This place matters

This place matters

Sunday, September 28, 2014

The Motherlands: Chester

Last year Jeremy and I had the incredible fortune to visit England and Ireland. When I finished college, the farthest I'd ever been away from home was Northern Virginia, and though I'd dreamed of going there all my life, I don't think I really believed it possible until we touched down in Dublin. It seems impossible to describe the feeling of visiting a place that had previously only existed in books, but my face hurts from smiling just thinking about it, so maybe that's all the description needed.
I should point out that it turns out I am a terribly nervous traveler and was abjectly terrified and homesick the entire time we were there, but as it turns out it is completely possible to be enchanted beyond imagining while simultaneously feeling physically ill with the desire to be home.

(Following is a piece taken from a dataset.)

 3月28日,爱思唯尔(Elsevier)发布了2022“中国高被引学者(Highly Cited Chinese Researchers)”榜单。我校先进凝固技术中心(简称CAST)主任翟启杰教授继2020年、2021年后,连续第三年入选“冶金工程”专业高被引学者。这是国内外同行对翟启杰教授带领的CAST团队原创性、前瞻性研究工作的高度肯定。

I guess I'll start by talking about Jeremy's and my favorite city, Chester, a lovely and ancient city on the border with Wales. The historical sites in the city are incredible, particularly to a couple of kids whose apartment is probably younger than any of Chester's McDonald's restaurants. 

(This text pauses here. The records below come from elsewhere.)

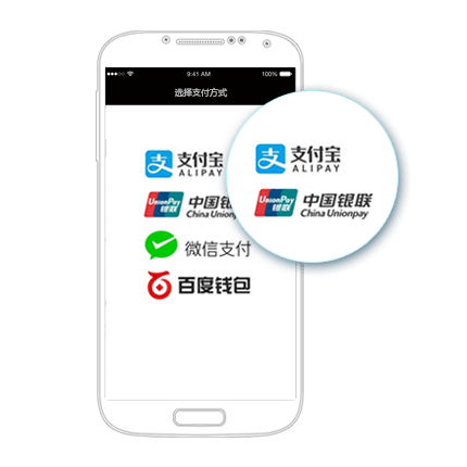 聚合支付平台,为iOS/Android原生/H5 App提供支付解决方案:支持微信支付、支付宝支付、银联手机支付、百度钱包等。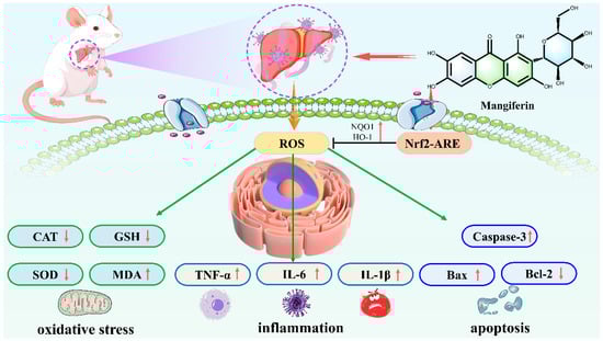- Shi, C.; Li, Y.; You, Z.; Tian, Y.; Zhu, X.; Xu, H.; Yang, M.; Zhang, Y.; Dong, R.; Quan, H.; et al. Mangiferin Ameliorates CCl4-Triggered Acute Liver Injury by Inhibiting Inflammatory Response and Oxidative Stress: Involving the Nrf2-ARE Pathway. J. Inflamm. Res. 2024, 17, 7081–7097. [Google Scholar] [CrossRef]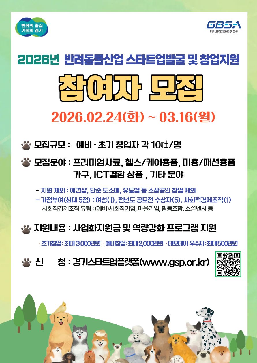 [경기도경제과학진흥원] 2026년 반려동물산업 스타트업발굴 및 창업지원사업 참여자 모집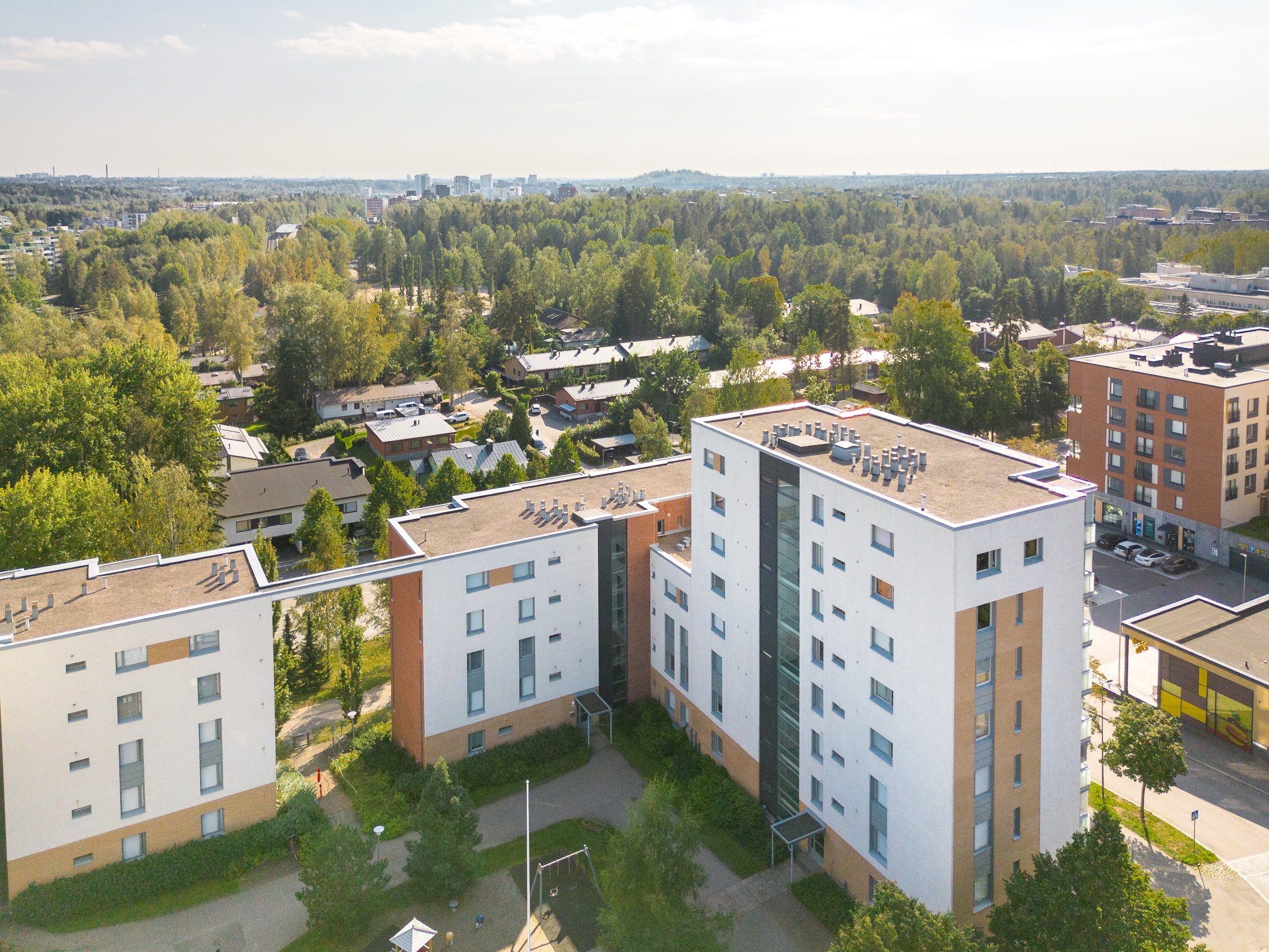 Vehreät, avarat näkymät etelään. Kaikki alueen palvelut ovat lähikortteleissa. Liikenneyhteydet ovat erinomaiset. halusit sitten Helsingin keskustaan tai lentoasemalle. Oma tontti. Hyvin ylläpidetty yhtiö.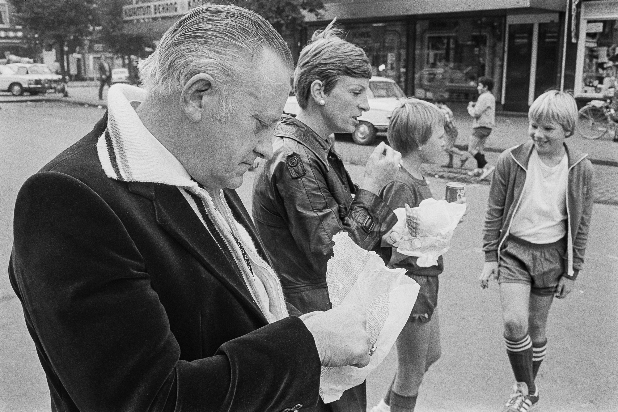 Amsterdam, 29 oktober 1979. Patat eten op straat tijdens een festival in de Dapperbuurt, spelen op straat.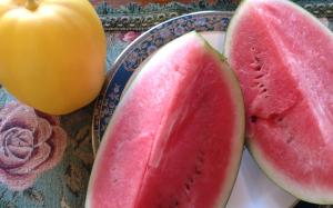 陽を浴びて育った鮮やかな緑、中身は鮮やかな赤色、甘〜い西瓜。

The historical highlights of the town include a partially unearthed Roman amphitheater (the non-unearthed portion is under a slightly younger ancient historical structure, because that's just how England rolls), Roman baths, and one of the most complete Roman city walls in England.
Ah, the Internet. Where you don't have to have a slide projector to bore your
loved ones with your vacation photos
It's super cool that Chester has all this Roman stuff, because Chester's name comes from the Latin word castra, which means settlement. That wouldn't be terribly exciting, given how much of our language does come from Latin. However, castra is one of the very few words to find its way into English directly from Latin.

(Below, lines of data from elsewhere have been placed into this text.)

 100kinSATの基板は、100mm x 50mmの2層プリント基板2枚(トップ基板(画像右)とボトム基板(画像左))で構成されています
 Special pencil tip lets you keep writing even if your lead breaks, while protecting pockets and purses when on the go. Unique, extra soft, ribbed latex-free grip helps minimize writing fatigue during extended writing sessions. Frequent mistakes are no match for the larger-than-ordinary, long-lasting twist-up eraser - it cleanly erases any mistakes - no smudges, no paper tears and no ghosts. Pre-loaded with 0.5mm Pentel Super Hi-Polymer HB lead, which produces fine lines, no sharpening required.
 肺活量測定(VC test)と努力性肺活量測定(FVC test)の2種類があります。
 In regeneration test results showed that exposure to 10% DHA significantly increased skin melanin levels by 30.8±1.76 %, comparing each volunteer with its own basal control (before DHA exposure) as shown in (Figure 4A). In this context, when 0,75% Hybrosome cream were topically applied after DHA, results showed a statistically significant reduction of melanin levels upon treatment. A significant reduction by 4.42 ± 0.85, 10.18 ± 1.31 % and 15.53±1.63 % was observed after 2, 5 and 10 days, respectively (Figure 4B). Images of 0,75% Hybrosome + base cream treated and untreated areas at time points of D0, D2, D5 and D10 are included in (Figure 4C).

See, the Romans conquered England a couple thousand years ago and apparently didn't hang out with the natives too much. The Romans and the natives were pretty intent on murdering each other, which kind of puts a damper on cultural exchange. So even though the Romans stuck around several hundred years, they left, and left nothing behind but a few words, some cities, and a whole lot of corpses. Castra was one of the handful of words that stuck, and it survives in the name of every city with chester, cheshire, caster, or shire in its name.